I can’t remember the last time my dad even called me by my name and yet my mom wonders why I never want to talk to him. We’ve probably exchanged less than a hundred words this year so far.
My parents would weigh me as a punishment, and I’m really self-conscious about my weight and they knew that. So I started losing weight by not eating. They punished me for that. There’s just no way to win, is there?
Ah yes. My dad had told me to open the back door (it had broken and I didnt know how to open it the new way) So my dad got hella mad and yelled at me for being stupid. (Well I'm sorry I was supposed to pull it up with my foot and not my knee like you had told me) So I hella just ran inside and started screaming throwing my notebooks on the ground (cant break shit cuz that equals more bruises on my butt) and *slamming* my head on the walls. Weak head. Started bleeding. Just had a bandaid. He didnt question.
My mom used to lock me inside the bathroom for hours at a time with the lights off as a sort of time out. The light switch was located outside so when I calmed down, I just played with water until I was let out.

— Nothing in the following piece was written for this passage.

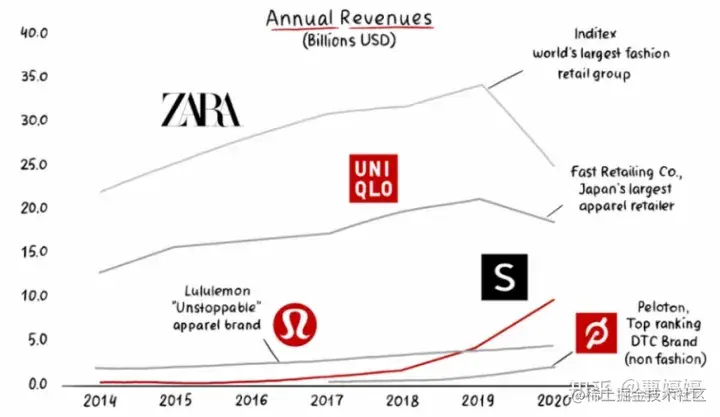 2020年SheIn完成了近100亿美元的销售,相较2019年的45亿美元有大幅增长。与此同时,由于疫情的影响,全球的民众都无法到线下实体店进行购物,Zara和优衣库的收入则出现了下滑。

Instead of developing claustrophobia, I actually became claustrophilic so now, I cannot sleep unless I am being smothered in a heavy duvet and half a dozen pillows and my way of self-soothing is playing with water. Thanks, mom!
AAhhhhhh she thought darkness was her ally... she merely adopted the dark. You were locked in it, left alone in it, you didn't see the light til she left you out but by then you were doing nothing but playing with the WATER
For those defending it by saying it’s “tradition” or part of “culture”, cultural acceptance does not mean accepting the unacceptable. I say this as an Asian who endured years of verbal and physical abuse with others passing it as “culture”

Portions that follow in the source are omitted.